RESULTS OF OPERATIONS
Overview. We had no revenues for the three months ended March 31, 2022 and 2021,
respectively. We reported net losses of $3,225 and $-0- for the three months
ended March 31, 2022 and 2021, respectively. The $3,225 increase in net loss is
attributable to the factors discussed below.
Revenues. We generated no revenues for the three months ended March 31, 2022 and
2021.
Expenses. For the three months ended March 31, 2022 and 2021, we incurred total
operating expenses of $3,225 and $-0-. The $3,225 increase was attributable for
an approximate $2,000 increase in professional fees and an approximate increase
in other general and administrative expenses.
LIQUIDITY AND CAPITAL RESOURCES
As of March 31, 2022, our total assets were $10,750 for prepaid accounting fees.
As of March 31, 2022, our total liabilities were $36,970 consisting of accounts
payable for $9,470, convertible note and accrued interest for $10,000 and due to
related party for $17,500.
Cash Flows from Operating Activities
We have not generated positive cash flows from operating activities for the
three months ended March 31, 2022, net cash flows used in operating activities
was $-0-.
PLAN OF OPERATION
Our plan of operation for the following twelve months is to transform the
Company with the following:
On April 13, 2022, the Company entered into a definitive Share Exchange
Agreement (the "Exchange Agreement") with the stockholders of Eco Equity
Limited, a company organized under the laws of England and Wales ("EE UK").

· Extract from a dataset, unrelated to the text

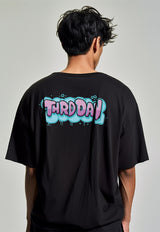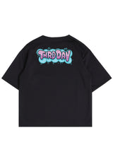 MTQ26 kaos oversize gambar belakang aesthetic bahan tebal scuba "third day bubble graffiti ungu" hitam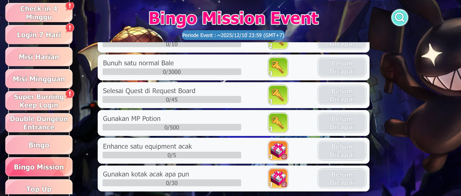 Menyelesaikan misi akan memberi kamu key dan item yang dapat digunakan untuk Bingo Exchange.

Pursuant to the terms of the Exchange Agreement, the Company will acquire 100%
of the issued and outstanding shares of capital stock of EE UK, in exchange for
the issuance of 42,000,000 restricted newly issued, fully paid and
non-assessable shares of common stock of the Company (the "Exchange Shares") at
a ratio of 0.0763 Exchange Share for each of the surrendered shares transferred
by the EE UK stockholders, which will represent fifty-six percent (56%) of all
issued and outstanding shares of Company common stock at the time of the closing
of the transaction. The Exchange Shares were valued at $71,404 or $.0017 per
share. As the Company's stock is thinly traded, the value assigned to the
Exchange Shares to be issued under the Exchange Agreement was the last sale of
Company's common stock during October 2020 for $.0017 per share. In addition, we
will assume all assets and liabilities of EE UK, which includes EE UK's wholly
owned subsidiary, Eco-Equity Zimbabwe (Private) Limited, a Zimbabwe-registered
company ("EE Zim"). As of June 27, 2022, the transactions contemplated by the
Exchange Agreement, including the issuance of the 42,000,000 Exchange Shares,
has not been consummated. The Company intends to pursue the sale of
cannabis-related products from EE Zim.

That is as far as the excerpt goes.